Overall unit yield (stripper bottoms/feed) can also increase due to an increase in hydrogen partial pressure. Olefinic saturation will increase as a result of increased hydrogen availability and fewer cracking reactions will take place (as a result of increased hydrogen partial pressure, less reactor temperature will be required). As a result, overall distillate production will increase.
An increase in hydrogen partial pressure will also improve jet and diesel fuel quality. Cetane number can improve by about 1-2 numbers, and aniline point will improve by about 5-10 F.

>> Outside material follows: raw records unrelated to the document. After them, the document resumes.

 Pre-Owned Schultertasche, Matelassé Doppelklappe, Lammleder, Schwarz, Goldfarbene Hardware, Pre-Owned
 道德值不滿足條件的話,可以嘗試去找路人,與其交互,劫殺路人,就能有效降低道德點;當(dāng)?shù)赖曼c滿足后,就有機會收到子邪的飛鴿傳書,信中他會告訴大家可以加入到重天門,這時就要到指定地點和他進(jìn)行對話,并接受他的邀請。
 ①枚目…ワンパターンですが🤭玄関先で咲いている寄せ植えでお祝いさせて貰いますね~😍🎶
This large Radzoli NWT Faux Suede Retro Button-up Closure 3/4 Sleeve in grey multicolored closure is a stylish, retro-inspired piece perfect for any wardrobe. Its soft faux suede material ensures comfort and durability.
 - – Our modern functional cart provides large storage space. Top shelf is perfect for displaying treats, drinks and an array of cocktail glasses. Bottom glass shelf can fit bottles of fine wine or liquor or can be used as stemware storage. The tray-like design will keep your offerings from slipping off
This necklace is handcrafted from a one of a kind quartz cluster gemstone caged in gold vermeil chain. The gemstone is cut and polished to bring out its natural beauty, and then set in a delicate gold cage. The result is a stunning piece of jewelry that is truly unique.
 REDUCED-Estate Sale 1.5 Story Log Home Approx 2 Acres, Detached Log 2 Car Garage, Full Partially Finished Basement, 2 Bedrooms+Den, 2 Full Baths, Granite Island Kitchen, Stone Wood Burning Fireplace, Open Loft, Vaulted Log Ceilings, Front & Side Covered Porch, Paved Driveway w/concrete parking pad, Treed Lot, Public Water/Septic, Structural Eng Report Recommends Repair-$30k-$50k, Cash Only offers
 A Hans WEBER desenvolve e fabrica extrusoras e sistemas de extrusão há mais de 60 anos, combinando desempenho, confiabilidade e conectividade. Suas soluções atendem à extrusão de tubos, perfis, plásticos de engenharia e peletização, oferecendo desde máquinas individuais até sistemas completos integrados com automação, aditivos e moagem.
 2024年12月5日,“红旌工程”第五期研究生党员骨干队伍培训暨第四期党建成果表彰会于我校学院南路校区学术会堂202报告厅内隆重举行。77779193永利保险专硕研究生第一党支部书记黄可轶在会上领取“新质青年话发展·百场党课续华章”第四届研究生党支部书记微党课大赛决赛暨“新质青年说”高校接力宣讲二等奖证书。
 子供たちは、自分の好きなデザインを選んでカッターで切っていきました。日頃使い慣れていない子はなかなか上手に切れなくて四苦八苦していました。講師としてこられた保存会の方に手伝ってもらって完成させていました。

For a gas oil hydrotreater unit processing 25,000 BPD, a reduction in reactor temperature of 24 degrees Fahrenheit over a three year run, could conserve up to 121 billion BTUs over a three year catalyst run. This corresponds to a significant energy savings.
Although the present invention has been described in terms of specific embodiments, it is anticipated that alterations and modifications thereof will no doubt become apparent to those skilled in the art. It is therefore intended that the following claims be interpreted as covering all alterations and modifications that fall within the true spirit and scope of the invention.